Protecting corporate and personal data has become a necessity for modern businesses in Southeast Asia (SEA), especially for the past two years. Unfortunately, with new threats emerging during the pandemic and the extended period of remote work it introduced, businesses have to tackle both internal financial risks and external cyber threats.
According to Kaspersky in its ‘IT Security Economics 2021: Managing the trend of growing IT complexity’, the findings showed that despite new threats, the costs of data breaches didn’t grow excessively in 2021 worldwide.
A total of 4,303 interviews from businesses with more than 50 employees were conducted across 31 countries in May-June 2021. Respondents were asked about the state of IT security within their organisations, the types of threats they face and the costs they have to deal with when recovering from attacks.
Throughout the report, businesses are referred to as either SMEs (small and medium sized businesses with 50 to 999 employees), or enterprises (businesses with over 1,000 employees).
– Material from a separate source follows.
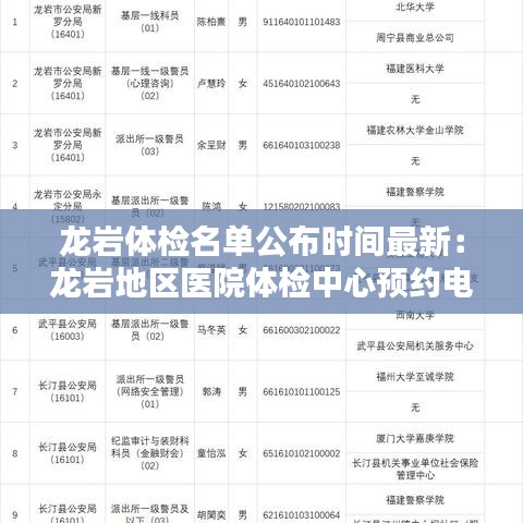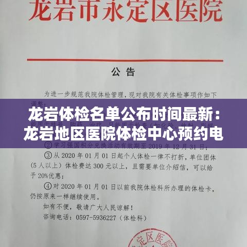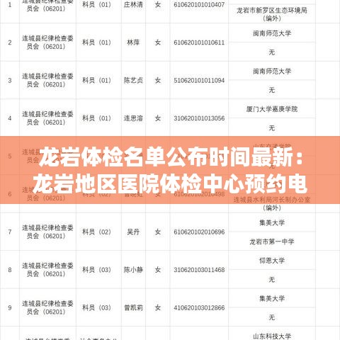 随着社会的发展和人们健康意识的提高,定期体检已经成为许多人生活中不可或缺的一部分。近日,关于龙岩市体检名单公布时间的最新消息引起了广泛关注。本文将为您详细介绍相关信息,帮助您及时了解体检名单的公布情况。

Kaspersky, in this research, discovered only a small 4% increase in the financial impact of data breaches for SMEs (US$105,000 in 2021, compared to US$101,000 in 2020), and a notable 15% decrease for enterprises which fell to US$927,000 from US$1.09 million in 2020, below the previous lowest figure from 2017 (US$992,000).
In Southeast Asia, the average cost of a data breach against an enterprise increased slightly at US$716,000 this year from US$710,000 in 2020. There is, however, a huge drop when it comes to the financial impact against SMEs. From US$92,000 two years ago, it is only at US$74,000 in 2021.
“The significant drop in the cost of data breaches against SMEs here is due to the fact that some of these businesses had to close shops during the height of this health emergency. It took a while before they are able to re-open and start their recovery. The financial impact of data breaches against enterprises has not skyrocketed as we continuously see improvements on businesses’ detection capabilities,” said Yeo Siang Tiong, general manager for Southeast Asia at Kaspersky.
“During our customer interactions and also due to the increased media coverages about cyberattacks, more companies are now aware of the price they may pay if they let their guards down. However, once an attack was exposed to the press, the aftermath significantly increases. Reputational impact comes into play and this proves to be more damaging than the upfront monetary aftermath.”
The average breakdown of the additional cost of a data breach against an enterprise in the region showed that the bulk of the money goes to improving software & infrastructure (US$98,000), extra PR to repair brand damage (US$93,000), training existing staff (US$90,000), employing external professionals (US$88,000) and damage to credit rating or insurance premiums (US$84,000).
Meanwhile, another research from Kaspersky – “Mapping a secure path for the future of digital payments in APAC” – found that almost half (42%) of users in Southeast Asia will not purchase from an e-commerce provider or any seller which was subjected to a data breach or any form of cyberattack.
A company’s history with data leaks also plays a role when users are choosing their mobile wallet. Almost two in five noted that they will opt for a digital payment provider that was not involved in any kind of data breaches or attacks before.